Dünya kâinatın kalbi olduğu gibi, toprak tabakası da dünyanın kalbidir. Topraktan yaratılan ve sonunda ölümle toprağa dönecek olan insan nev’i, kâinat ağacının meyvesi olduğu gibi, insanın şükür ve ibadeti de insanın meyvesidir. Buna binaen, kâinat insan için, insan da şükür ve ibadet için yaratılmıştır. İnsanlar bunun farkında olsa veya bir kısmı farkında olmasalar da bu böyledir.
Bediüzzaman Hazretlerinin ifadesiyle “Toprak, tecelliyat ve cilvelere en yüksek bir aynadır. Evet, kesif (katı) bir şeyin aynası ne kadar latif olursa, o nispette suretini vazıh (açık) gösterir. Ve nuranî ve latif bir şeyin de aynası ne kadar kesif (katı) olursa, o nispette esmanın (Allah’ın isimlerinin) cilvelerini cilâlı gösterir. Meselâ, hava aynasında, yalnız şemsin (güneşin) zayıf bir ziyası görünür. Su aynasında şems ziyasıyla görünürse de, elvan-ı seb’ası (yedi rengi) görünmüyor. Fakat toprak aynası, çiçeklerinin renkleriyle, şemsin ziyasındaki yedi rengi de gösterir. “Kulun, Rabbine en yakın olduğu hâl, secde ettiği hâlidir.” olan hadis-i şerif, bu sırra işareten şahitlik eder. Öyle ise arkadaş, topraktan ve toprağa inkılâp etmekten ve kabre girip yatmaktan tevahhuş etme!” (Mesnevi-i Nuriye s.379)

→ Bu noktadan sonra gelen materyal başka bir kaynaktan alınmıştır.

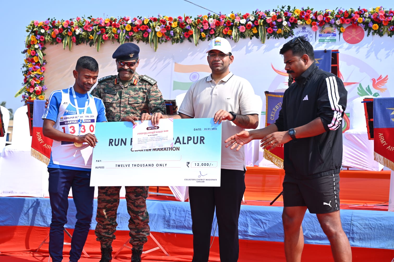 ପୁରୁଷ ବିଭାଗରେ ଓଡ଼ିଶା ପୋଲିସ ୮ ଆର ବି, ଭଞ୍ଜନଗରରେ କାର୍ଯ୍ୟରତ ଅଶୋକ ଦଣ୍ଡସେନା ପ୍ରଥମ ସ୍ଥାନ, କଟକ ଜିଲ୍ଲାର ରଶ୍ମୀ ରଞ୍ଜନ ନାୟକ ଦ୍ବିତୀୟ ସ୍ଥାନ ଓ ଗଜପତି ଜିଲ୍ଲାର ଗୀନୁ ରଇତ ତୃତୀୟ ସ୍ଥାନ ଅଧିକାର କରିଥିଲେ । ସେହିପରି ମହିଳା ବର୍ଗରେ ଭୁବନେଶ୍ବରର ପିଙ୍କି ସାହୁ ପ୍ରଥମ, ବ୍ରହ୍ମପୁର ଫିଜିକାଲ ଏକାଡ଼େମୀର ସନ୍ଧ୍ୟାରାଣୀ ବେହେରା ଓ ରାଧାରାଣୀ ବେହେରା ଯଥାକ୍ରମେ ଦ୍ବିତୀୟ ଓ ତୃତୀୟ ସ୍ଥାନ ଅଧିକାର କରିଥିଲେ । ଗୋପାଳପୁର ମୁଖ୍ୟ ବେଳାଭୂମିଠାରେ ଆୟୋଜିତ ଏକ ଭବ୍ୟ ସମାରୋହରେ ଜିଲ୍ଲାପାଳ ଶ୍ରୀ ୱ।ସନ, ଗଞ୍ଜାମ ଆରକ୍ଷୀ ଅଧିକ୍ଷକ ଶ୍ରୀ ପାତ୍ର ଓ ଗୋପାଳପୁର ଆର୍ମୀ ଏଡି କଲେଜର ବରିଷ୍ଠ ଅଧିକାରୀମାନେ ସମସ୍ତ ଧାବକଙ୍କୁ ଅଭିନନ୍ଦନ ଜଣାଇବା ସହ କୃତୀ ପ୍ରତିଯୋଗୀମାନଙ୍କୁ ଯଥାକ୍ରମେ ପ୍ରଥମ ୧୨,୦୦୦/-,ଦ୍ବିତୀୟ ୮,୦୦୦ /- ଏବଂ ତୃତୀୟ ୫୦୦୦ /- ଟଙ୍କା ର ପୁରସ୍କାର ରାଶି ଓ ମାନପତ୍ର ପ୍ରଦାନ କରିଥିଲେ । ଏହି ଅବସରରେ ଗୋପାଳପୁର ଆର୍ମୀ ଏଡି କଲେଜ ପକ୍ଷରୁ ମନୋଜ୍ଞ ଦେଶାତ୍ମବୋଧକ ସଙ୍ଗୀତ ପରିବେଷଣ କରାଯାଇଥିଲା । ଡୁରା ଜଙ୍ଗସନଠାରୁ ଆରମ୍ଭ ହୋଇଥିବା ଏହି ମାରାଥନରେ ପାଖାପାଖି ୬୭୦ ଜଣ ପ୍ରତିଯୋଗୀ ଅଂଶ ଗ୍ରହଣ କରିଥିଲେ । ଅଞ୍ଚଳବାସୀ ରାସ୍ତାର ଉଭୟ ପାର୍ଶ୍ବରେ ଠିଆ ହୋଇ ପ୍ରତିଯୋଗୀ ମାନଙ୍କୁ ଉତ୍ସାହିତ କରିଥିଲେ ।ଜିଲ୍ଲା ସୂଚନା ଓ ଲୋକସମ୍ପର୍କ ଅଧିକାରୀ ଗଞ୍ଜାମ, ଛତ୍ରପୁର

İradesinin dışında, imtihan için bu dünya denilen meydana gönderilen insanlar, bu gün toprağın üstünde dolaşıp dururlarken, bir gün hiç beklemediği bir zamanda toprağın altına girecek ve yaşadığı hayatın bütün safhalarından hesaba çekilecektir. Yeni dünyaya geldiğinde elleri bütün dünyayı elde etmek istercesine sıkılı olan insan, öldüğü zaman elleri açık gidecek ve buradan öbür tarafa hiçbir şey götüremeyecektir. Fakat, insanların çoğu bunu düşünmek bile istemez. İnsanoğlu ne kadar gafil ve ne kadar da cahildir!